The world is set up more and more to support our addictive mind, and we keep talking about how mental illness is increasing, anxiety is growing in our culture, but we never think about fixing our culture; we keep thinking about how to feel better, which of course will make us feel worse. We are caught in a devilish cycle.


And of course, because we crave to feel better, to have great experiences, corporate/franchise yoga studios are thriving. And as salt on the wound, post-pandemic, they are expanding, taking advantage of the stressful economic situation of the individually owned, teacher-owned, traditional yoga studios. It is not enough that traditional studios cannot compete for attention in marketing via social media; what we offer is not addictive and sexy enough. But now, we have to compete with corporate studios with deeper pockets that can provide pretty facilities, showers, and a spa-like experience.

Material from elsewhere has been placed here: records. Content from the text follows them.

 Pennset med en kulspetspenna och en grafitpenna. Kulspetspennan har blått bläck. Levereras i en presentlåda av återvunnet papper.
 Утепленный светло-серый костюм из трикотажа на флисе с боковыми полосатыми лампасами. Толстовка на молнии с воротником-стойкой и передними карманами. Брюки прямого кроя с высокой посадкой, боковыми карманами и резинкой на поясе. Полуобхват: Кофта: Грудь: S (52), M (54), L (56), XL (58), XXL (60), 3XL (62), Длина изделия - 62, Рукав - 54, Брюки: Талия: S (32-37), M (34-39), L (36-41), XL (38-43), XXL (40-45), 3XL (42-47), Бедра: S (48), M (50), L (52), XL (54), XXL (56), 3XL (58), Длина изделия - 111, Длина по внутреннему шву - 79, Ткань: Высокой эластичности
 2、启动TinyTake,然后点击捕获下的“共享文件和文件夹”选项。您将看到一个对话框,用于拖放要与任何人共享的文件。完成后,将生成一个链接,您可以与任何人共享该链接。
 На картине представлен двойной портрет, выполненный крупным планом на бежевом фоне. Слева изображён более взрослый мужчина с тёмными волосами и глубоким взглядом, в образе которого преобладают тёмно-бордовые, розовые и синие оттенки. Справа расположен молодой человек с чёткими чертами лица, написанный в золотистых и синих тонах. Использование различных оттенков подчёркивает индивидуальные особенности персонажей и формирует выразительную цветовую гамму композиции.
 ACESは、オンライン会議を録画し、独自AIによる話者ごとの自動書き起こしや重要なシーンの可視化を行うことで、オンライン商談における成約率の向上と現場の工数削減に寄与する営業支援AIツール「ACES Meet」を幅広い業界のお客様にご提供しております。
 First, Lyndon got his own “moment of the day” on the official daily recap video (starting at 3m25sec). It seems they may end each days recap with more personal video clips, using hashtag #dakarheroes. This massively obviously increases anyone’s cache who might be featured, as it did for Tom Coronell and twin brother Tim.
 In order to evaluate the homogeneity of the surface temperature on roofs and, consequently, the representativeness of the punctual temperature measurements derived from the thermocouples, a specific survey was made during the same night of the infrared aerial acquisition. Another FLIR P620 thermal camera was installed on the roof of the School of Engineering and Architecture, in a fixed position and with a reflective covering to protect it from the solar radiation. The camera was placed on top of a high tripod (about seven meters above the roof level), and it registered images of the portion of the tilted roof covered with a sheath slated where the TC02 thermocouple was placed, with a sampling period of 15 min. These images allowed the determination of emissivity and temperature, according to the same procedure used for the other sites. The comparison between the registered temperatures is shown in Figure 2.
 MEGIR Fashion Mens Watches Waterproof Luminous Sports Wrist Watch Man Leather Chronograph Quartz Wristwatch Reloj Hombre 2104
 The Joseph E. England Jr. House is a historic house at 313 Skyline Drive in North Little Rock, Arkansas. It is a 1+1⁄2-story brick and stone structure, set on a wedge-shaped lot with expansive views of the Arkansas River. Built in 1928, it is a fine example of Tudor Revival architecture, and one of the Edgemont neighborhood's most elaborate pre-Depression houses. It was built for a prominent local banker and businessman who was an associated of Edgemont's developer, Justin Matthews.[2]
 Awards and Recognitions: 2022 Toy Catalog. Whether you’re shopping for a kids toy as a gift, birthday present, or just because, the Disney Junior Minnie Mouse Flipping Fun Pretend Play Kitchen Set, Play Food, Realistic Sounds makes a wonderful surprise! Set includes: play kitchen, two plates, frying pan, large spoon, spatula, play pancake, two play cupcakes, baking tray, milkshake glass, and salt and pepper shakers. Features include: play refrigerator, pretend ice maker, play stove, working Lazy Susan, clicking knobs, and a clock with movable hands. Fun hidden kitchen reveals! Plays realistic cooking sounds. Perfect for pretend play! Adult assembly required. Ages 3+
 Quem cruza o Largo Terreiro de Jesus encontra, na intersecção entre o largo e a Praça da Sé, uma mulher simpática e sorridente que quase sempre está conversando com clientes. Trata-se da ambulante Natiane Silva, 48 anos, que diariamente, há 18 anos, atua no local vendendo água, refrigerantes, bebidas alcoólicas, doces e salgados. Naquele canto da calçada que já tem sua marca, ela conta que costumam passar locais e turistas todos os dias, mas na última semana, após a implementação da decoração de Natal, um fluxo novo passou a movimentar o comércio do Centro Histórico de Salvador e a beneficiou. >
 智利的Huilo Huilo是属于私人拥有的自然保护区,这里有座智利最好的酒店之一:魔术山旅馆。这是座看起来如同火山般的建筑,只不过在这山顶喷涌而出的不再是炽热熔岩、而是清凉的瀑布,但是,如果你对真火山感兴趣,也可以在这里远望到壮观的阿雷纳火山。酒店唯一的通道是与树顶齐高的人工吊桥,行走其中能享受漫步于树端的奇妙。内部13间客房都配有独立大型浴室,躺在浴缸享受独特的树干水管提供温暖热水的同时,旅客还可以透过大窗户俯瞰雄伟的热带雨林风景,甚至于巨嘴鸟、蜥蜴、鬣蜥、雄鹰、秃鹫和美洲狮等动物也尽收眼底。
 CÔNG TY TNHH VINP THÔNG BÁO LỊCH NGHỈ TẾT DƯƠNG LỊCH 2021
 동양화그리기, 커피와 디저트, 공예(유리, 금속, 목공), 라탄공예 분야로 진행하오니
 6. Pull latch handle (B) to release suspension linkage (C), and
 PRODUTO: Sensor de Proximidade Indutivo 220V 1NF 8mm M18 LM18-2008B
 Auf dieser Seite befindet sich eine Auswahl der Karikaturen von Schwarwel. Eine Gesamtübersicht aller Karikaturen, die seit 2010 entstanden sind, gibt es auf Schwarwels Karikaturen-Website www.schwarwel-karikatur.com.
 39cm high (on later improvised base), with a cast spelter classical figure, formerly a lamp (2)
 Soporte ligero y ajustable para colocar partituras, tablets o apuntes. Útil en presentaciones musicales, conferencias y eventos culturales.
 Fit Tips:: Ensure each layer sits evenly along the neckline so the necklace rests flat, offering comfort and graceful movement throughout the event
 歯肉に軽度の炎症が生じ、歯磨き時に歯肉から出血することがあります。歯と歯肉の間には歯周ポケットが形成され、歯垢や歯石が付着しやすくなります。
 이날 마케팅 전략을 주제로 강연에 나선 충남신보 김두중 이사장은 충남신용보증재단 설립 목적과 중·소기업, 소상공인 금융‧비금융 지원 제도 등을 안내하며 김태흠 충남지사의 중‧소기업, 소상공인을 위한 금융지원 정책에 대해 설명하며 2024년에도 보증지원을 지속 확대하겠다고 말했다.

So I ask you, Dear Reader… Is yoga dead?


Social media has its place; capitalism has its place. The question is, can we use Social Media responsibly to create a healthy society, not one caught up on sensationalism, sex, and narcissism? Can we run businesses in a capitalist world in a way that sustains quality teaching and product? I think it is possible, there are those of us willing to fight to balance our world, but it feels like we are fighting not just Covid for economic survival, not just the corporate studio next door; we are fighting against a cultural take over of our mind and spirit.


Can we reclaim the word; Yoga? Or is Yoga Dead?


I know I cannot fight the world; God knows I tried, it is exhausting. But I can write this article/blog, and if you like the message, please share it. And don't forget to support your local teacher-owned quality yoga studio, even if the bathrooms are old, even if there are no fancy lights. Notice quality yoga teachers; learn to differentiate between teaching and instructing. Support good teachers and good studios that nurture the Wisdom Art of Yoga!